* TASK: Write the data below out exactly as it stands. Do not include the pictures.

* DATA RECORDS:
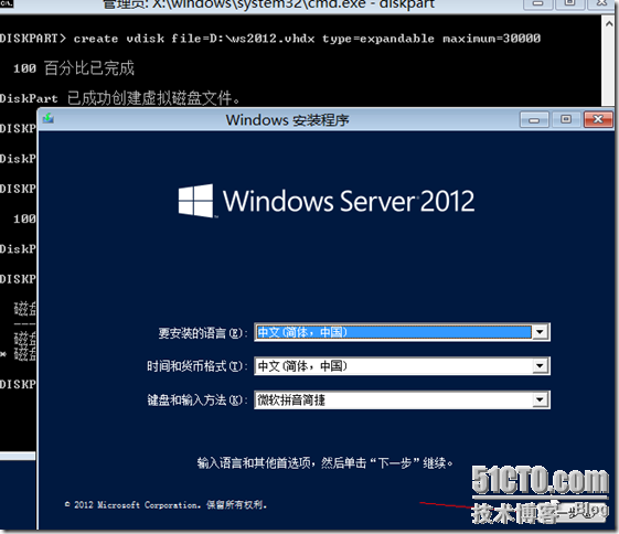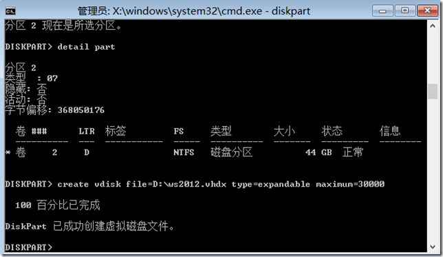 create vdisk file=d:\ws2012.vhdx type=expandable maximum=30000(前面可以看到是D盘,这里ws2012为任意起的,30000空间足够了,太大会很耗时间)
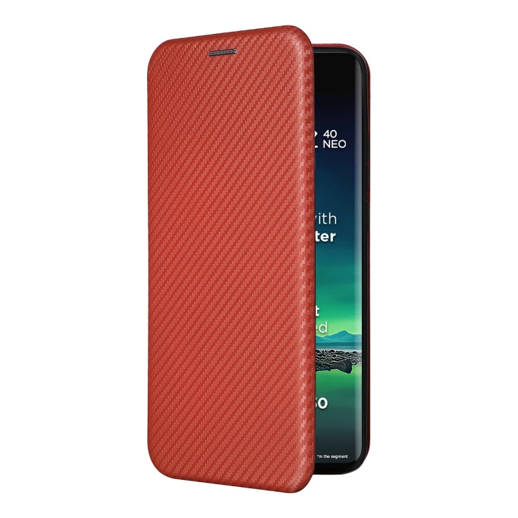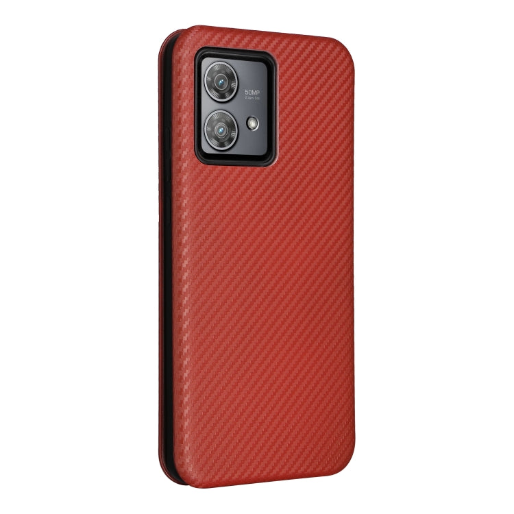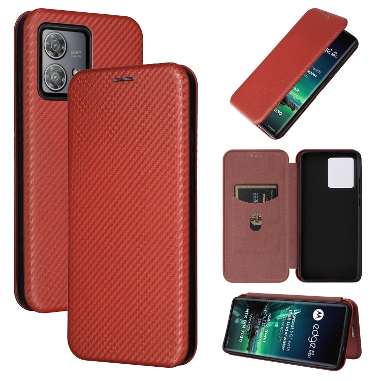 Funda de Teléfono Motorola Edge 40 Neo Cuero con Tapa y Textura de Fibra de Carbono (Marrón)
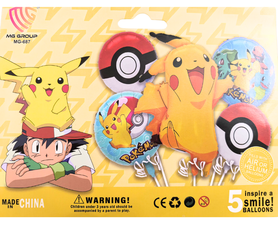 MPS MY PARTY SUPPLIERS® Set of 5 Pikachu foil balloons, Cartoon Character Foil Balloon for Kids Birthday Decoration Foil Balloons Decoration for Boys Girls Children Toddlers
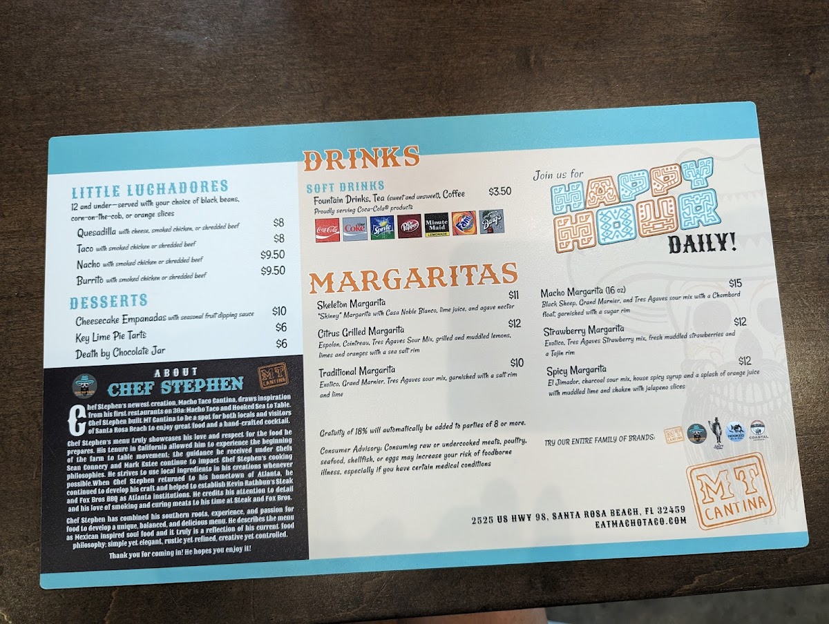 Welcome to Macho Taco Cantina, a vibrant gem nestled in Santa Rosa Beach, Florida, where authentic flavors meet a laid-back atmosphere. The menu is a celebration of tantalizing Tex-Mex cuisine. Start your culinary adventure with the Guacamole & Chips for just $10, featuring house-made guacamole that's creamy and freshly crafted. For a twist, try the Queso & Chips, a delightful blend of creamy house queso with a zesty scotch bonnet relish, perfect for dipping.
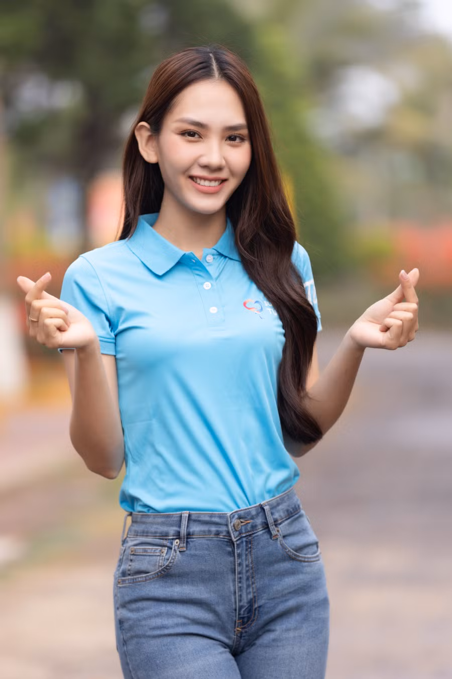 | Diện trang phục đơn giản và mặt mộc, nàng hậu đã khoe trọn nhan sắc trong sáng trong lúc lăn xả với các công tác thiện nguyện. |

* THE COMPLETED TASK:
 create vdisk file=d:\ws2012.vhdx type=expandable maximum=30000(前面可以看到是D盘,这里ws2012为任意起的,30000空间足够了,太大会很耗时间)
 Funda de Teléfono Motorola Edge 40 Neo Cuero con Tapa y Textura de Fibra de Carbono (Marrón)
 MPS MY PARTY SUPPLIERS® Set of 5 Pikachu foil balloons, Cartoon Character Foil Balloon for Kids Birthday Decoration Foil Balloons Decoration for Boys Girls Children Toddlers
 Welcome to Macho Taco Cantina, a vibrant gem nestled in Santa Rosa Beach, Florida, where authentic flavors meet a laid-back atmosphere. The menu is a celebration of tantalizing Tex-Mex cuisine. Start your culinary adventure with the Guacamole & Chips for just $10, featuring house-made guacamole that's creamy and freshly crafted. For a twist, try the Queso & Chips, a delightful blend of creamy house queso with a zesty scotch bonnet relish, perfect for dipping.
 | Diện trang phục đơn giản và mặt mộc, nàng hậu đã khoe trọn nhan sắc trong sáng trong lúc lăn xả với các công tác thiện nguyện. |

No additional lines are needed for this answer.